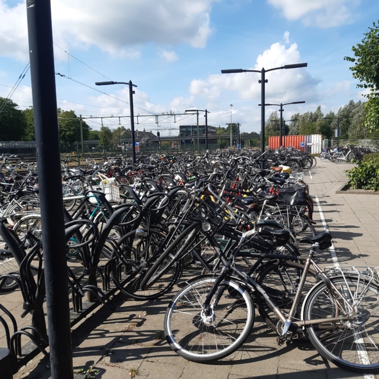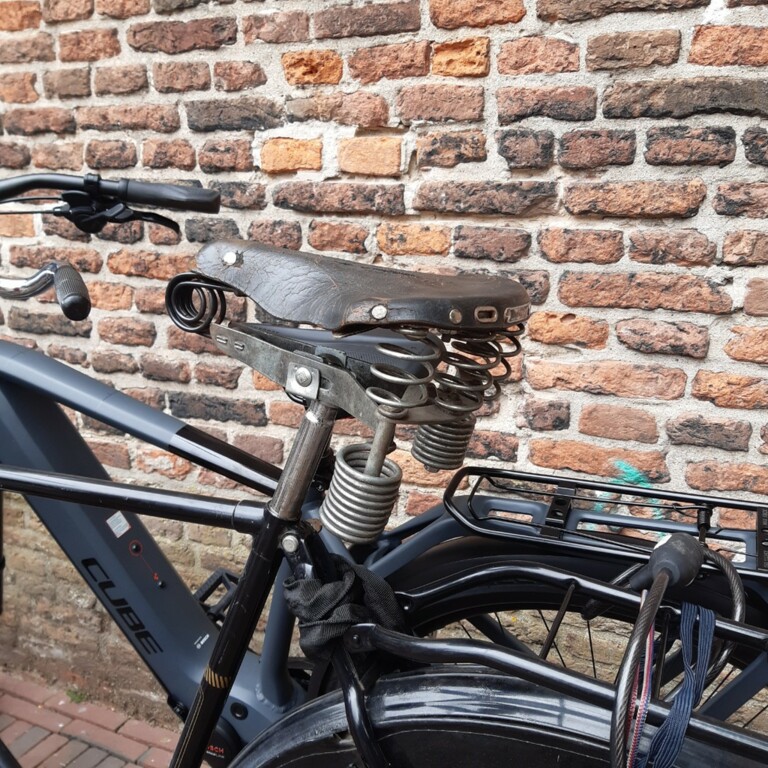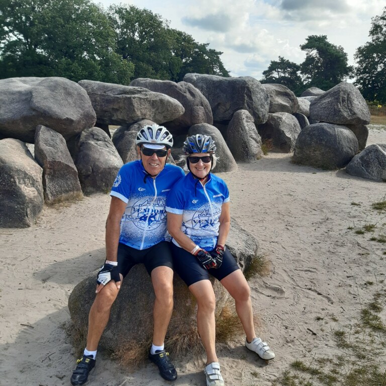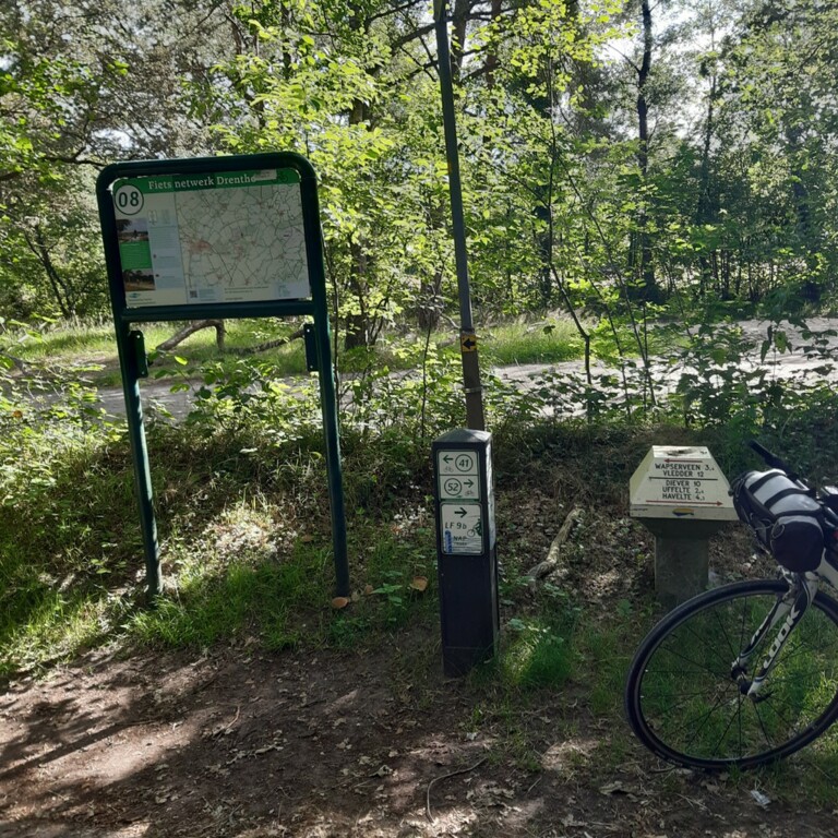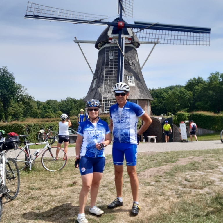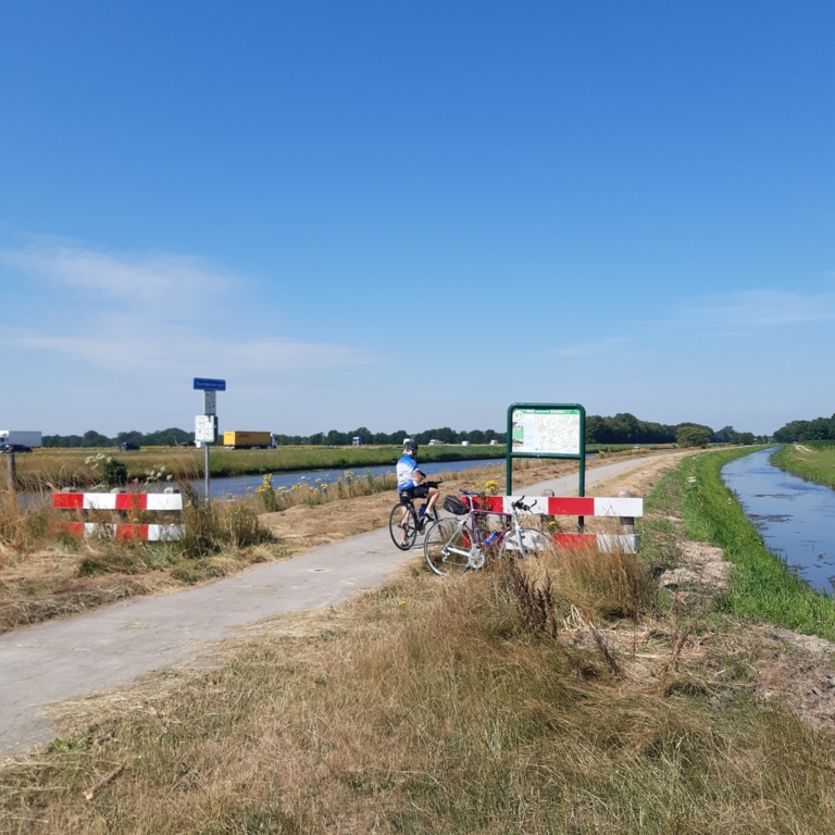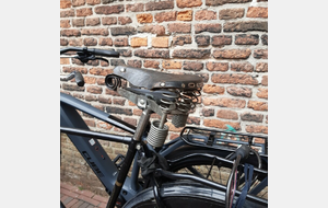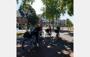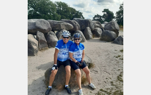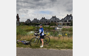 Mardi: Aujourd'hui toujours aussi plat (au moins 150m de dénivelé). Départ le long des voies d'eau, fermes et patûrages, la couleur des vaches est naturelle!! traversées de forêts où nous avons fait de nombreuses poses, la canicule locale est arrivée 27 degrés!!! et 78 km au compteur. Nous repartons demain à vélo pour d'autres découvertes, la pratique du tandem n'étant pas adaptée sur les voies cyclables et les chemins forestiers. Nous commençons à nous habituer à notre carte "IGN" hollandaise et ce n'est pas évident. Nous dénichons ce vélo avec une selle version confort en oubliant l'esthétique.
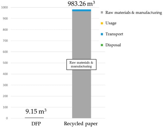We compared the results above with existing studies (Figure 11). This comparison used data from the Japan Paper Association [27] and the Water Footprint Network (WFN) [22]. The WFN [22] has results for three types of printing paper (broadleaf, softwood, and eucalyptus), but as Japan mainly uses domestic and imported broadleaf, this study used the figures for broadleaf. Water consumption for the production of 1 ton of paper comes to 965 m3. The water consumption from the distribution of PPC paper from Ono et al. [24] was added to this, giving a total of 983 m3. Compared to the water consumption for PPC paper, that for producing 1 ton of DFP was approximately 9.15 m3, roughly 1% of that for PPC paper. The reason for this is that printing paper requires large amounts of rainwater in order to grow wood and to produce pulp, whereas DFP reduces the consumption of virgin pulp. Furthermore, because it uses a dry-type production process, the water used during the production process is also significantly reduced. There is high water consumption during the production stage of wood and pulp, which comprise the raw materials used to make paper as well as during the paper-making stage, but this technology obviates the need for this production, thus limiting water consumption during the paper-making stage.
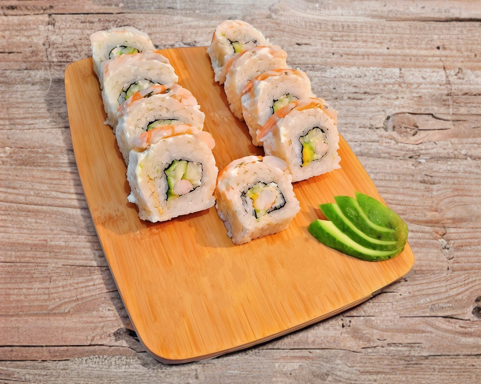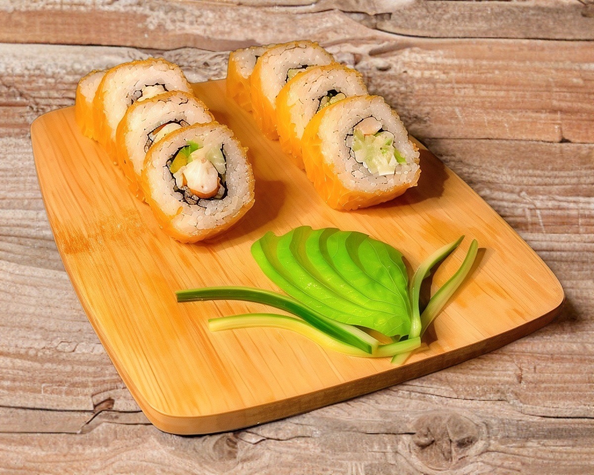 Por dentro: Pepino, Proteína, Aguacate y Philadelphia. Por fuera: Forrado de camarón cocido.
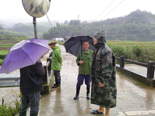 勸導群眾轉移至安全地帶 6月18日15時,浦城縣氣象局啟動氣象災害暴雨一級應急響應,劉文強迅速反應,第一時間對村內各個可能發生災情的隱患道路進行封鎖,并全面管控。為防止深夜群眾看不清道路,靠近封鎖路段,劉文強組織黨員干部輪流在村內各封鎖路段進行站班值守,充分保障村內廣大人民群眾的生命財產安全。
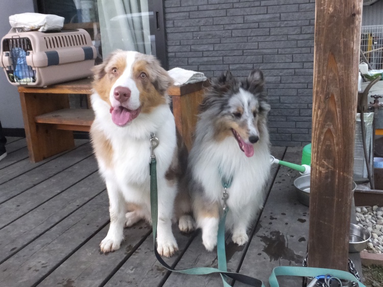 シェルティーのアイル君とオーストラリアンシェパードのクランちゃん^^
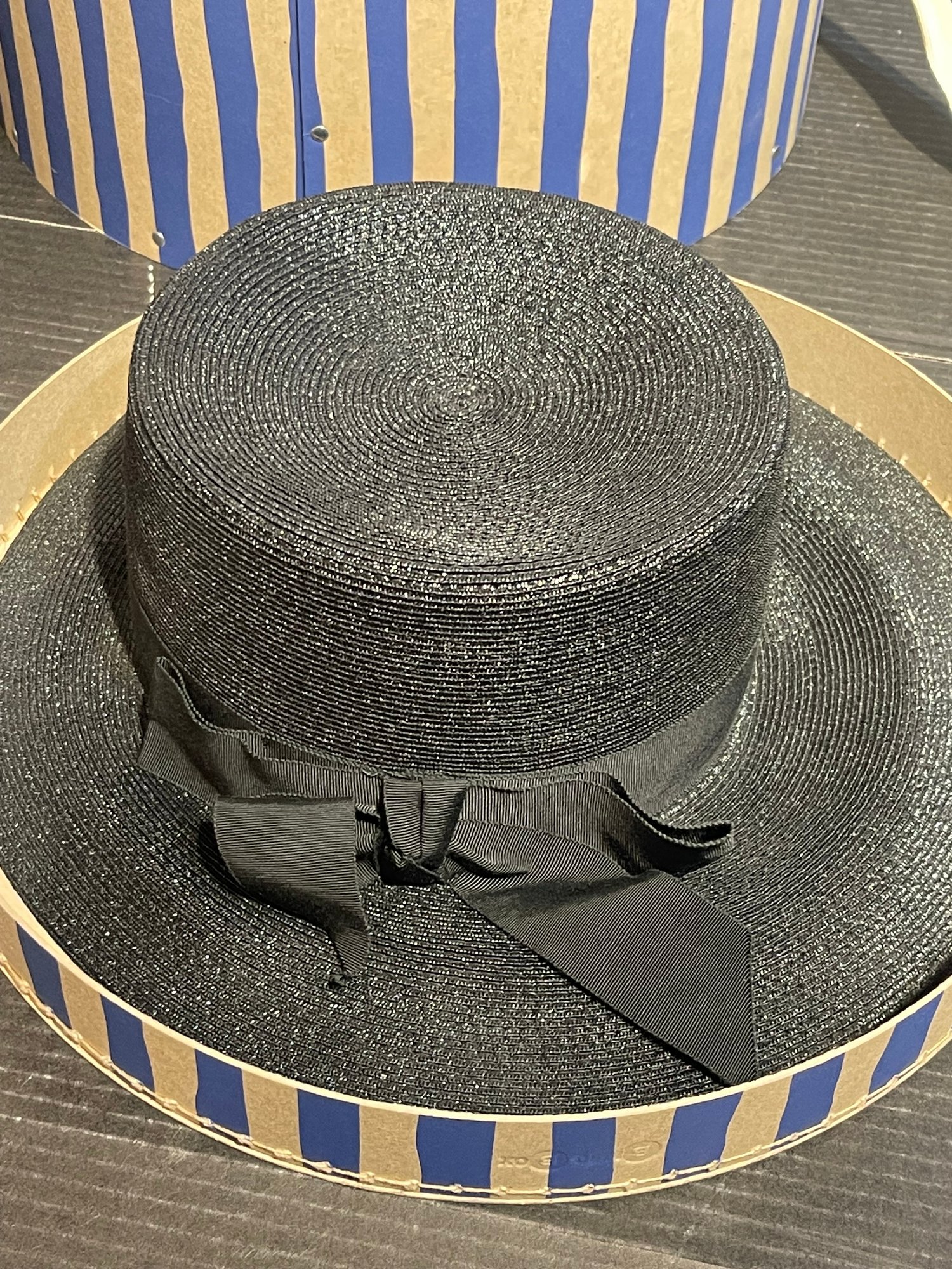 This hat comes with a hatbox and is size medium.

○ ○ ○

▶ _How to complete this task_
Nothing but the records, copied exactly and stripped of pictures, should be returned.

▶ _Answer for this exercise_
 Mardi: Aujourd'hui toujours aussi plat (au moins 150m de dénivelé). Départ le long des voies d'eau, fermes et patûrages, la couleur des vaches est naturelle!! traversées de forêts où nous avons fait de nombreuses poses, la canicule locale est arrivée 27 degrés!!! et 78 km au compteur. Nous repartons demain à vélo pour d'autres découvertes, la pratique du tandem n'étant pas adaptée sur les voies cyclables et les chemins forestiers. Nous commençons à nous habituer à notre carte "IGN" hollandaise et ce n'est pas évident. Nous dénichons ce vélo avec une selle version confort en oubliant l'esthétique.
We compared the results above with existing studies (Figure 11). This comparison used data from the Japan Paper Association [27] and the Water Footprint Network (WFN) [22]. The WFN [22] has results for three types of printing paper (broadleaf, softwood, and eucalyptus), but as Japan mainly uses domestic and imported broadleaf, this study used the figures for broadleaf. Water consumption for the production of 1 ton of paper comes to 965 m3. The water consumption from the distribution of PPC paper from Ono et al. [24] was added to this, giving a total of 983 m3. Compared to the water consumption for PPC paper, that for producing 1 ton of DFP was approximately 9.15 m3, roughly 1% of that for PPC paper. The reason for this is that printing paper requires large amounts of rainwater in order to grow wood and to produce pulp, whereas DFP reduces the consumption of virgin pulp. Furthermore, because it uses a dry-type production process, the water used during the production process is also significantly reduced. There is high water consumption during the production stage of wood and pulp, which comprise the raw materials used to make paper as well as during the paper-making stage, but this technology obviates the need for this production, thus limiting water consumption during the paper-making stage.
 Por dentro: Pepino, Proteína, Aguacate y Philadelphia. Por fuera: Forrado de camarón cocido.
 勸導群眾轉移至安全地帶 6月18日15時,浦城縣氣象局啟動氣象災害暴雨一級應急響應,劉文強迅速反應,第一時間對村內各個可能發生災情的隱患道路進行封鎖,并全面管控。為防止深夜群眾看不清道路,靠近封鎖路段,劉文強組織黨員干部輪流在村內各封鎖路段進行站班值守,充分保障村內廣大人民群眾的生命財產安全。
 シェルティーのアイル君とオーストラリアンシェパードのクランちゃん^^
 This hat comes with a hatbox and is size medium.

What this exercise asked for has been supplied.